> Problem requirements
Below are some records. Retype exactly the lines from the one containing "응답에 따라 다음 질문을 연결할 수 있고" through the one containing "Auch mit glattem", both included, skipping every picture.

*** Opening of Data ***

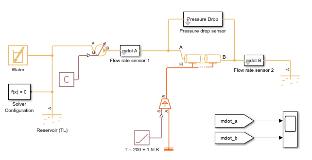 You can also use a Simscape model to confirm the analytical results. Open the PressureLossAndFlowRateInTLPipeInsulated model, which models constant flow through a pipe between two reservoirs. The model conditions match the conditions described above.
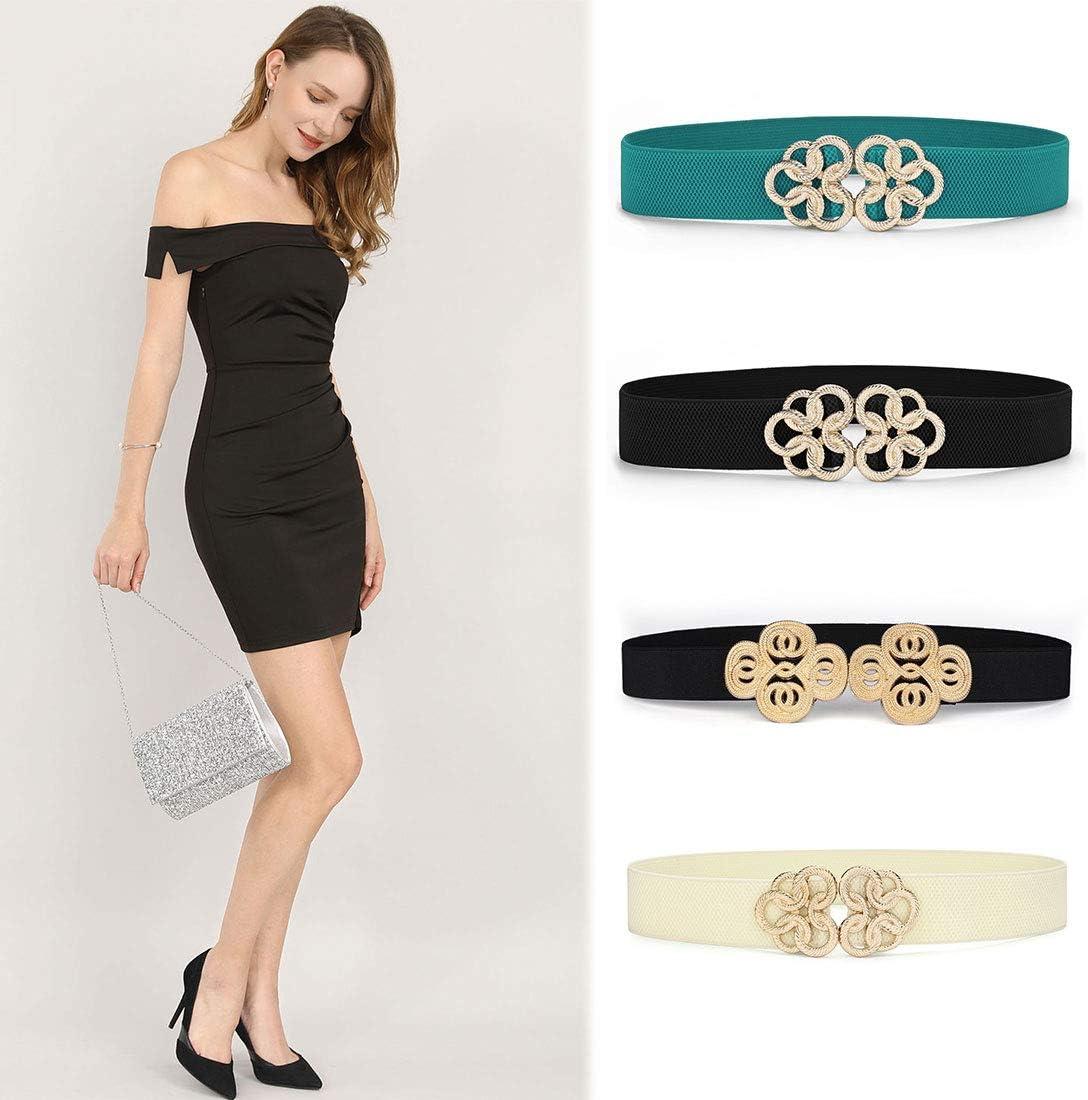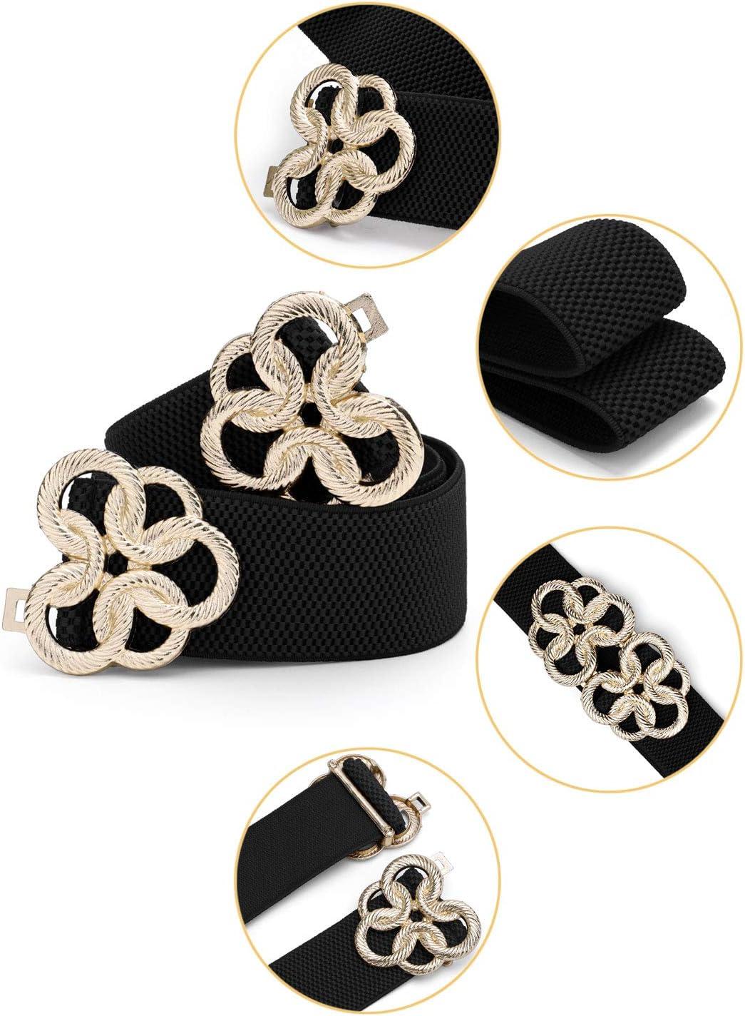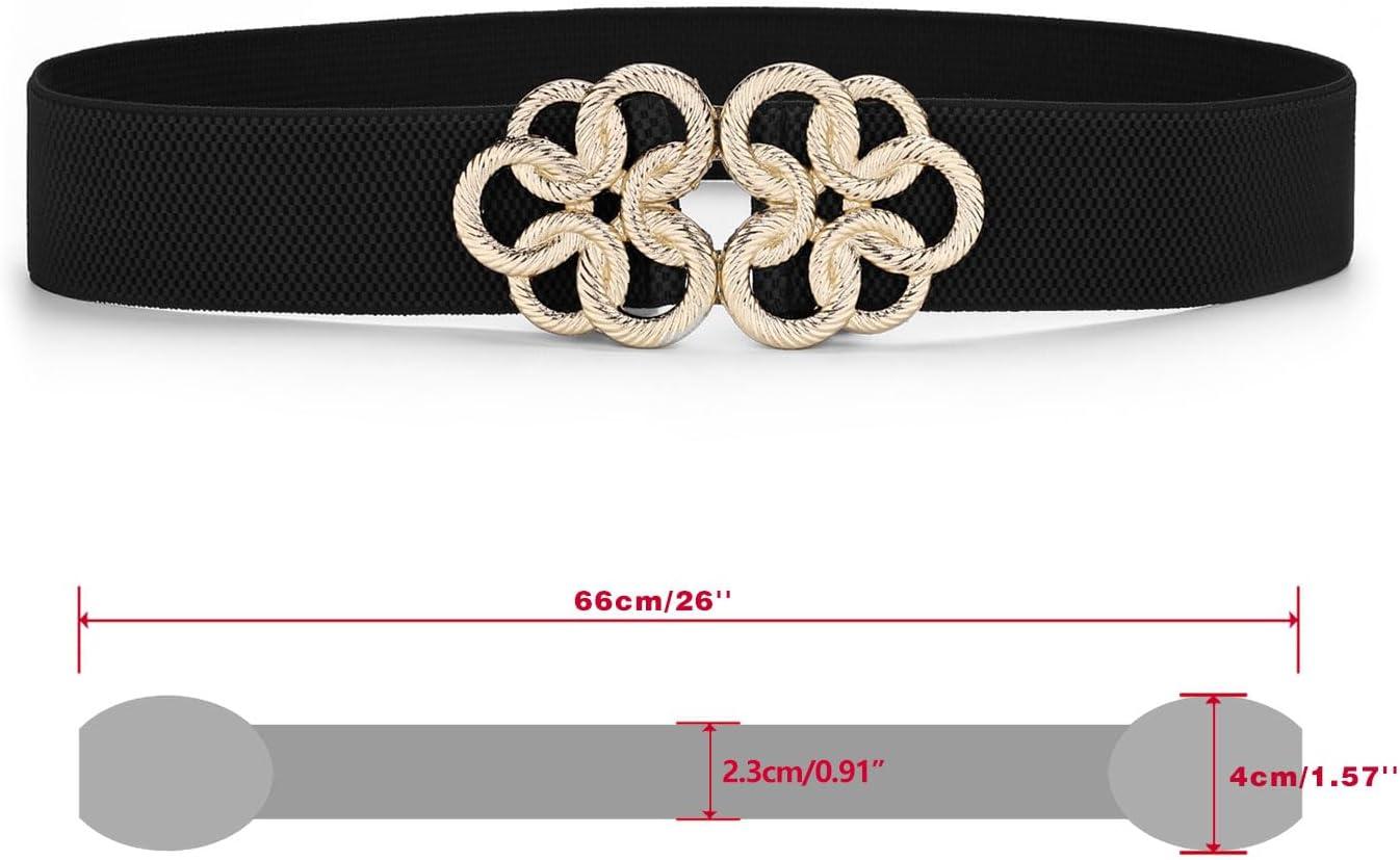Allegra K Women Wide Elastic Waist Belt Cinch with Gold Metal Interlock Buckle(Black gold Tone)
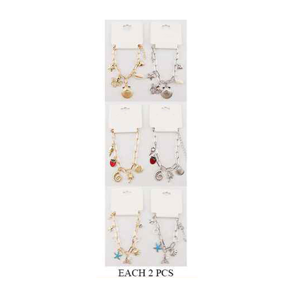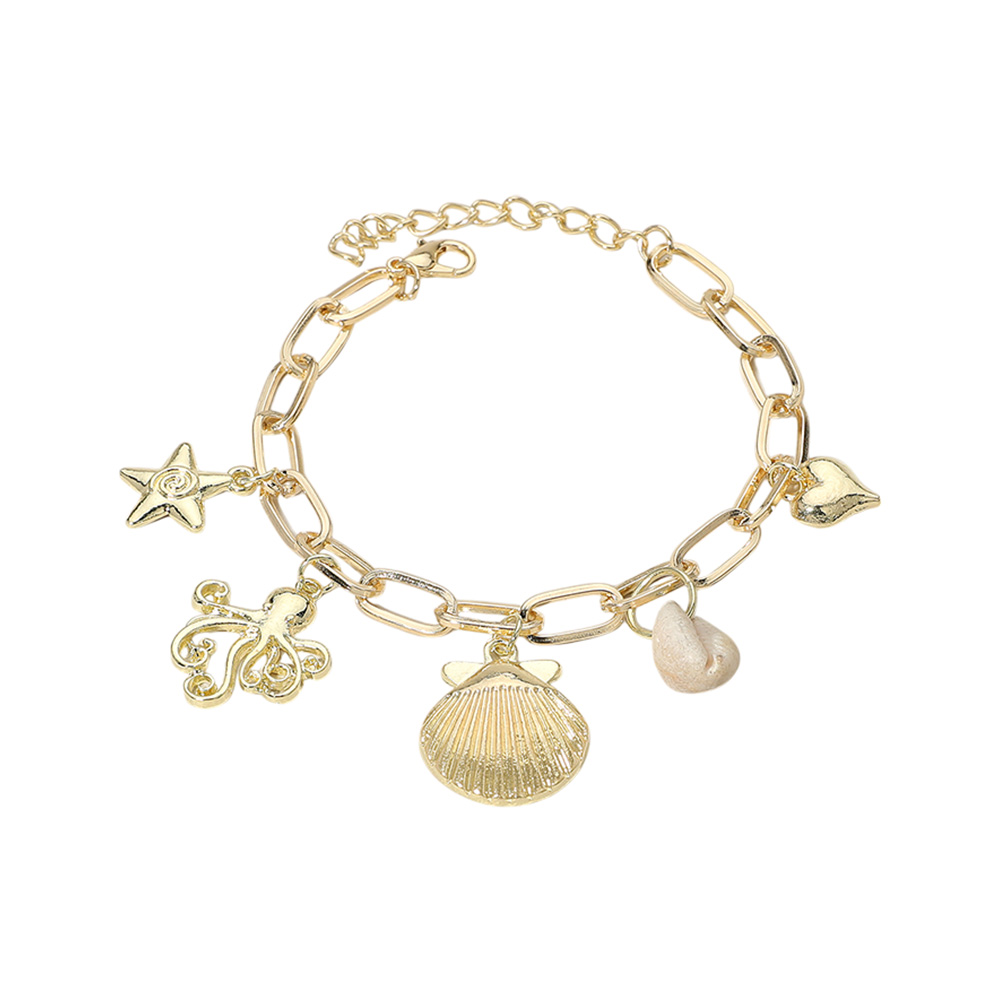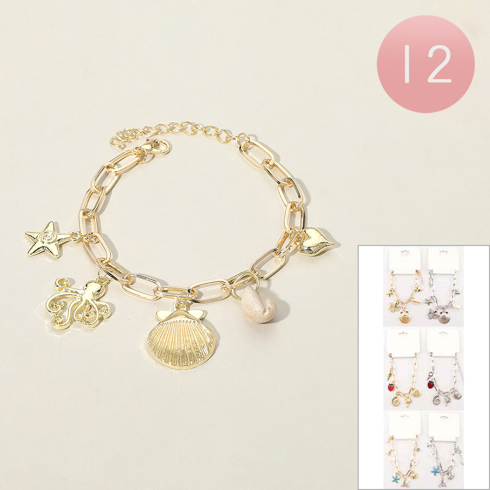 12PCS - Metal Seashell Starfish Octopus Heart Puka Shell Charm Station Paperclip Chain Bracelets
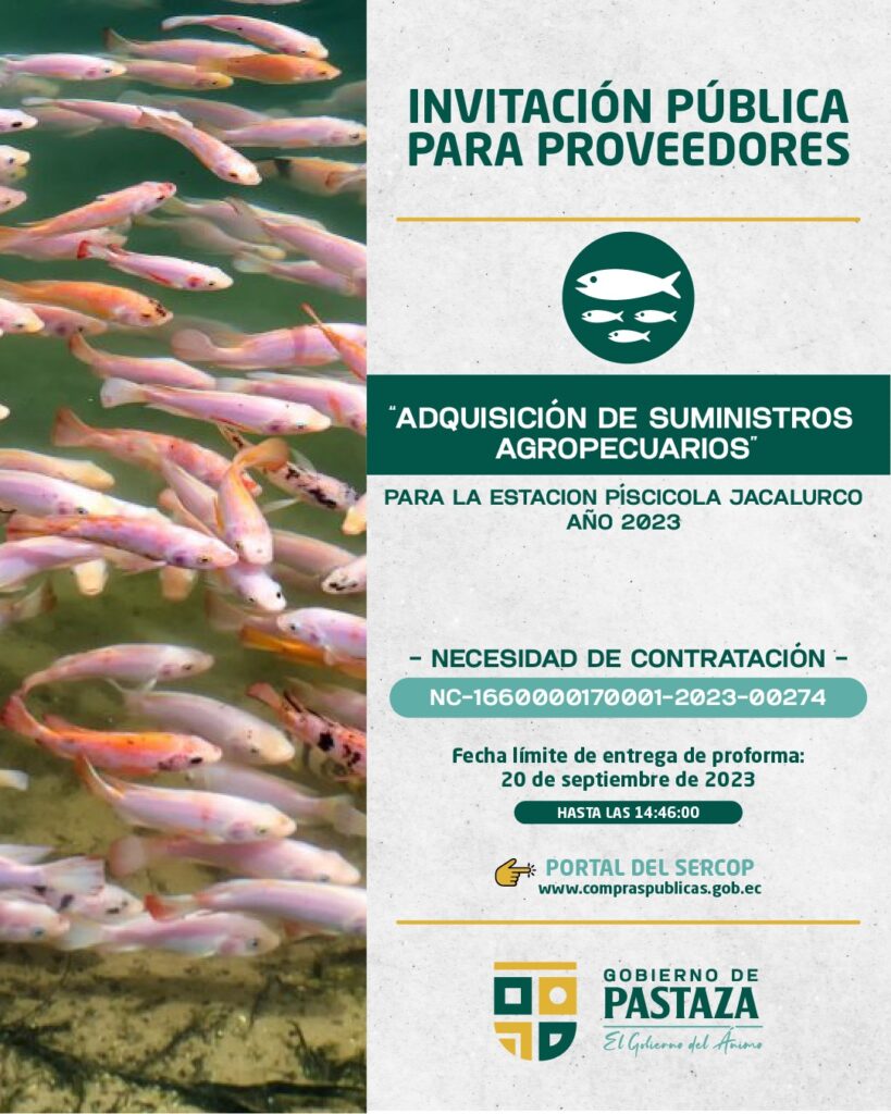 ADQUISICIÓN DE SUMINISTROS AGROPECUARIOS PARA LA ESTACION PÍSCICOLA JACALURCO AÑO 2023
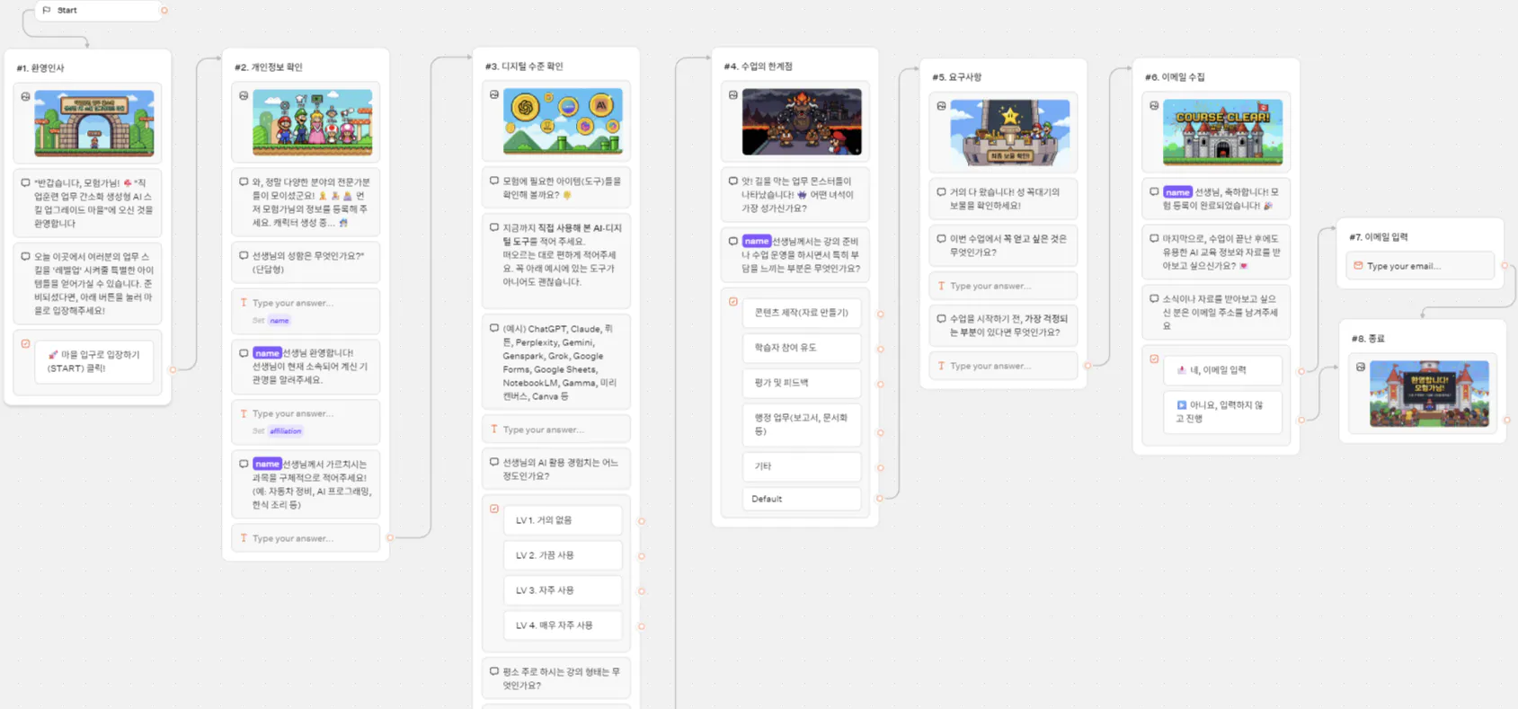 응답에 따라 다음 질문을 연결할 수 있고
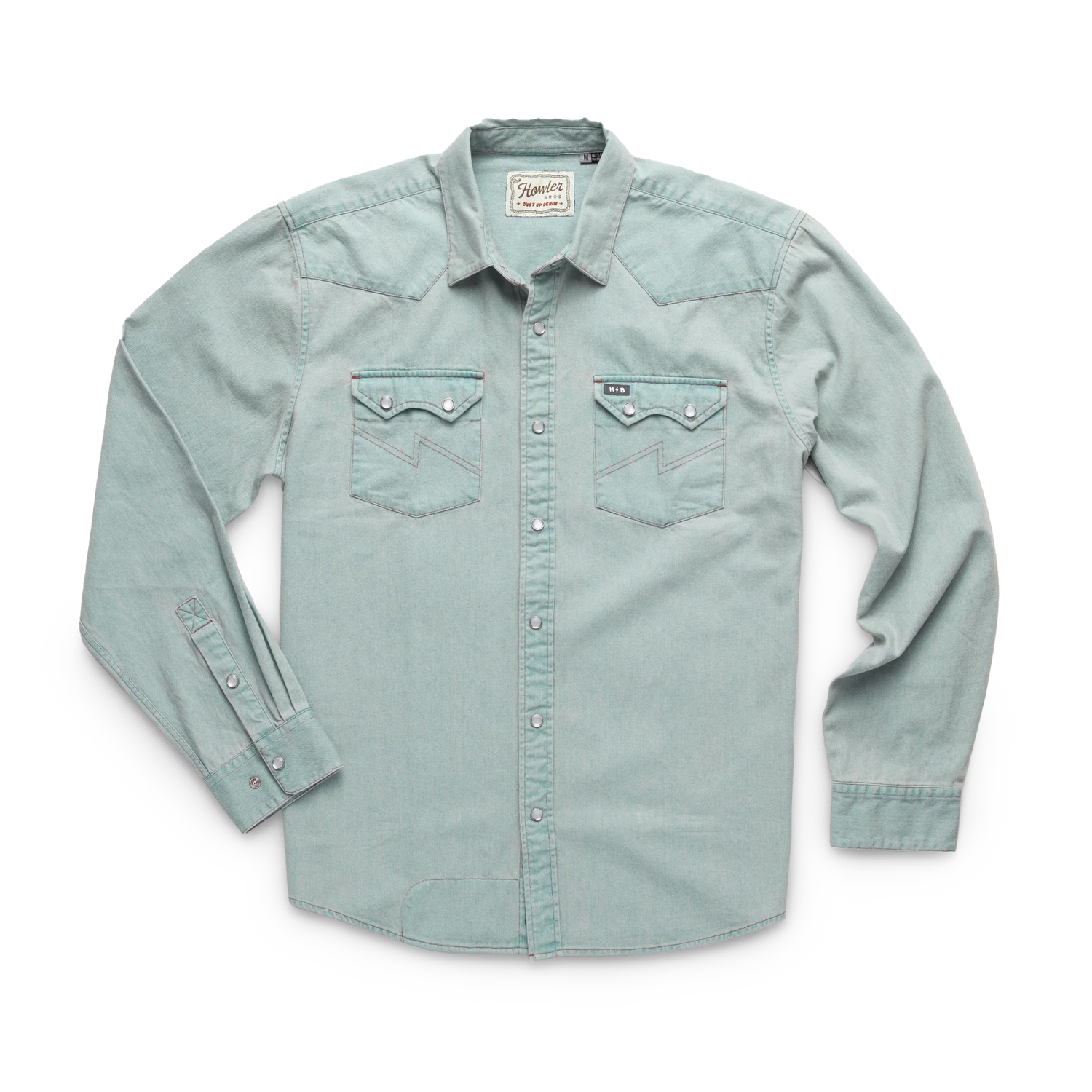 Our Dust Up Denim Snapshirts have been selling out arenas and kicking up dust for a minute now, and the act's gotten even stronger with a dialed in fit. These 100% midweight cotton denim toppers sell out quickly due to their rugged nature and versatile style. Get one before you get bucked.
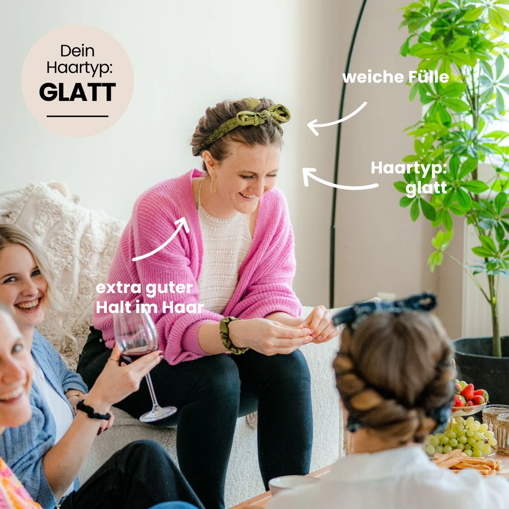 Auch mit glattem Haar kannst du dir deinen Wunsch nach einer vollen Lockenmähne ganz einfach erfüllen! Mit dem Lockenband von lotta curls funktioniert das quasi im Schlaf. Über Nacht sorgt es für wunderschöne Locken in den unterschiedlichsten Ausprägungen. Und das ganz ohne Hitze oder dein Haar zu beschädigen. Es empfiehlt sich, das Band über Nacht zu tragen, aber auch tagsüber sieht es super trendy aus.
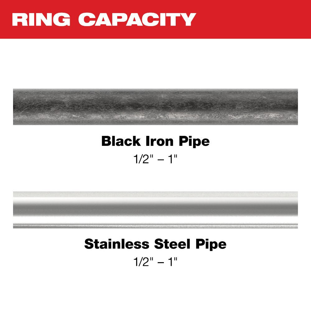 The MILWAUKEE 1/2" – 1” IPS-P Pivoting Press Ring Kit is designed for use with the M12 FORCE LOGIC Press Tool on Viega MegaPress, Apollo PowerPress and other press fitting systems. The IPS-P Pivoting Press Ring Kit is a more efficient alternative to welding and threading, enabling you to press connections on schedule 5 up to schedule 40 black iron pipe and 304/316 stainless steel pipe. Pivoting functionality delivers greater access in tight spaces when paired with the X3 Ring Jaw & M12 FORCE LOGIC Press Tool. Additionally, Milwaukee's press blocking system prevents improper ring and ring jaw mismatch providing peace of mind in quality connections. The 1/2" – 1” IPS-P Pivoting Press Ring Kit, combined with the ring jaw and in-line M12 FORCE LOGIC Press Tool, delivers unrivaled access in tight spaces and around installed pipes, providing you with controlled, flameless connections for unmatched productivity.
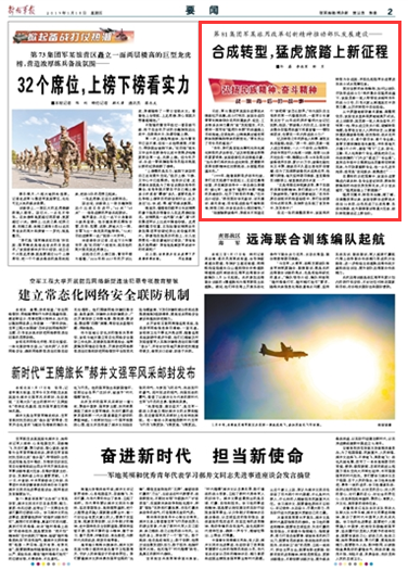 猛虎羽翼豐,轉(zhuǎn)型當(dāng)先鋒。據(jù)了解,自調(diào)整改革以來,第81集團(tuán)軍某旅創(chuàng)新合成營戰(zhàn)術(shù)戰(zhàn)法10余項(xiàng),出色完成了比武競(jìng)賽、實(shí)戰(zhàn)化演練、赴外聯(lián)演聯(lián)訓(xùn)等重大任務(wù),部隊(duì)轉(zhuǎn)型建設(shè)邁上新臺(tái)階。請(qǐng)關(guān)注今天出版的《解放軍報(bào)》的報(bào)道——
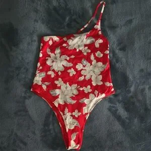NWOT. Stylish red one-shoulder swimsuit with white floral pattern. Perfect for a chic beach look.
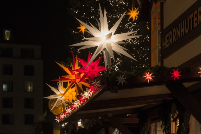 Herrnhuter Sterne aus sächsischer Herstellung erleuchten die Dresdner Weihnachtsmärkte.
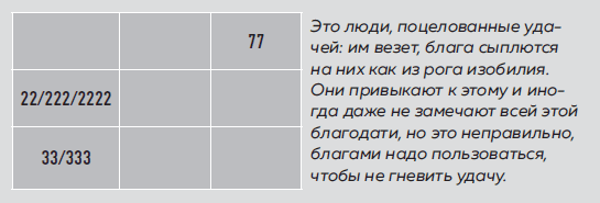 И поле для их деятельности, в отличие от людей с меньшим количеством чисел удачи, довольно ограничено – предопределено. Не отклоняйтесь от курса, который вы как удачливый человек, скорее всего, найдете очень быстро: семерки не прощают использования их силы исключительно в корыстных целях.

*** Close of Data ***

> Reply to the task
 응답에 따라 다음 질문을 연결할 수 있고
 Our Dust Up Denim Snapshirts have been selling out arenas and kicking up dust for a minute now, and the act's gotten even stronger with a dialed in fit. These 100% midweight cotton denim toppers sell out quickly due to their rugged nature and versatile style. Get one before you get bucked.
 Auch mit glattem Haar kannst du dir deinen Wunsch nach einer vollen Lockenmähne ganz einfach erfüllen! Mit dem Lockenband von lotta curls funktioniert das quasi im Schlaf. Über Nacht sorgt es für wunderschöne Locken in den unterschiedlichsten Ausprägungen. Und das ganz ohne Hitze oder dein Haar zu beschädigen. Es empfiehlt sich, das Band über Nacht zu tragen, aber auch tagsüber sieht es super trendy aus.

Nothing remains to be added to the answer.